WORK INSTRUCTION ▸
Within the entries below, the lines from the one with "Tüm bunların ardından" through the one with "- Toutes les" are to be set down exactly, both ends kept.

LISTED RECORDS ▸
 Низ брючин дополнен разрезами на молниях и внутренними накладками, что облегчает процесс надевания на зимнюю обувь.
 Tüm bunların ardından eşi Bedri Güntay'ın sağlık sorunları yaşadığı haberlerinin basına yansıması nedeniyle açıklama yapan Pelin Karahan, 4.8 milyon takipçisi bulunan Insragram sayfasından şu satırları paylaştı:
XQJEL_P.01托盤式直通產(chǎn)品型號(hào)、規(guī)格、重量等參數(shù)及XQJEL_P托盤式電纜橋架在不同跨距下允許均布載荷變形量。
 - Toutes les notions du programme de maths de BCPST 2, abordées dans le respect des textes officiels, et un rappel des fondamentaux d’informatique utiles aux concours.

* * *

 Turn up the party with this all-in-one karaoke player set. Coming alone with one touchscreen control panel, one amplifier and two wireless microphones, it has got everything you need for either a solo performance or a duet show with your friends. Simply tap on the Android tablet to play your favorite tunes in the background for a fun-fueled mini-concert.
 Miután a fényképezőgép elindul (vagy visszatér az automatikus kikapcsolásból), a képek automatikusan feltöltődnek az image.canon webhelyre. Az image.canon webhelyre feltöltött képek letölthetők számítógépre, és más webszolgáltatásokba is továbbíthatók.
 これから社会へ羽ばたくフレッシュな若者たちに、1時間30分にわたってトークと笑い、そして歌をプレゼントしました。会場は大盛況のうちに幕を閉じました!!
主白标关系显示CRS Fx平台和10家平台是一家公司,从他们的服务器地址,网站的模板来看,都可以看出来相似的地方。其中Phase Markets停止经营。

* * *

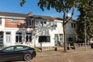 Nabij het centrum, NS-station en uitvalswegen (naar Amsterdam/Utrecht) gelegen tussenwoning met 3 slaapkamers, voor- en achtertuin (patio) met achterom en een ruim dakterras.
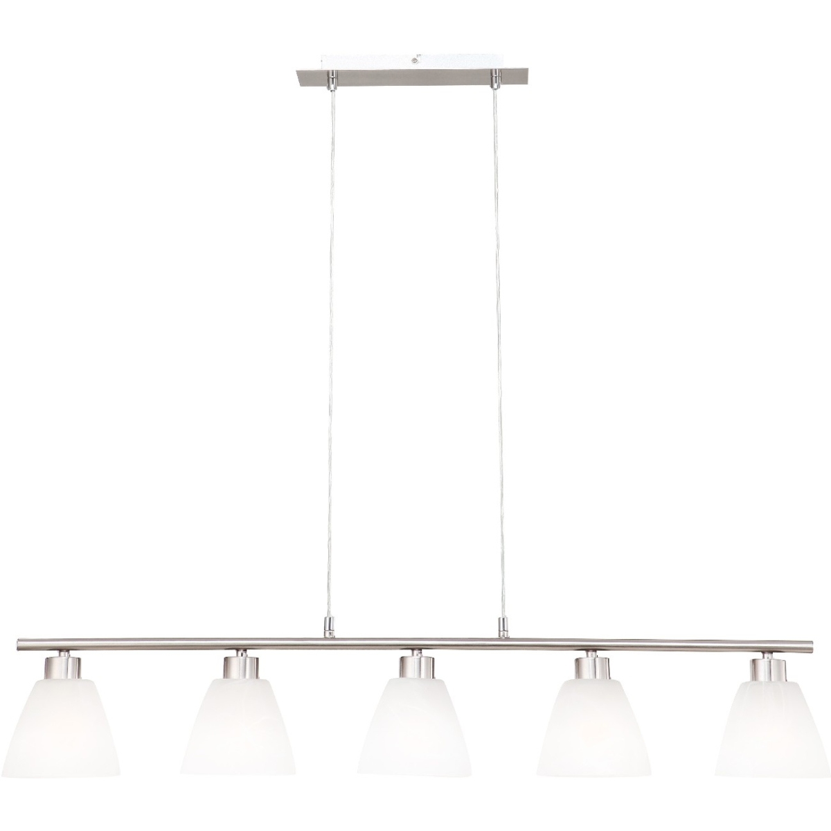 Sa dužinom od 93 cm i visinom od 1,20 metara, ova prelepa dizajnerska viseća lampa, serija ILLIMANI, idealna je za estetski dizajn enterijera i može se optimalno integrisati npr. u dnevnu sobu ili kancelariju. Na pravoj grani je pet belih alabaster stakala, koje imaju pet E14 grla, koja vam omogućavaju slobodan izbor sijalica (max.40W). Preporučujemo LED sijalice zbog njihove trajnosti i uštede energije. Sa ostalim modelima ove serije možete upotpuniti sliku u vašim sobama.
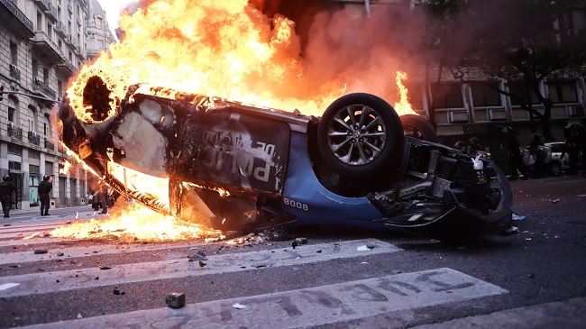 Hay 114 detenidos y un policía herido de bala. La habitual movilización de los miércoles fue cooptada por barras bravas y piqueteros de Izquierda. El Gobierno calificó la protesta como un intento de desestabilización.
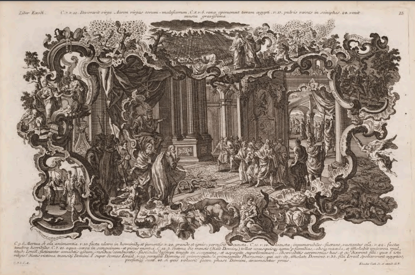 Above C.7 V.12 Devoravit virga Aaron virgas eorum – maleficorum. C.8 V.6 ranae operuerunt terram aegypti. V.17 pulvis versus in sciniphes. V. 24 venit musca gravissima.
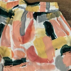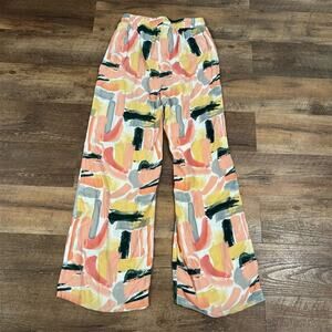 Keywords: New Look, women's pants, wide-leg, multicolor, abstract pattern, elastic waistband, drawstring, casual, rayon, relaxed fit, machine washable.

WRITTEN RESPONSE ▸
 Tüm bunların ardından eşi Bedri Güntay'ın sağlık sorunları yaşadığı haberlerinin basına yansıması nedeniyle açıklama yapan Pelin Karahan, 4.8 milyon takipçisi bulunan Insragram sayfasından şu satırları paylaştı:
XQJEL_P.01托盤式直通產(chǎn)品型號(hào)、規(guī)格、重量等參數(shù)及XQJEL_P托盤式電纜橋架在不同跨距下允許均布載荷變形量。
 - Toutes les notions du programme de maths de BCPST 2, abordées dans le respect des textes officiels, et un rappel des fondamentaux d’informatique utiles aux concours.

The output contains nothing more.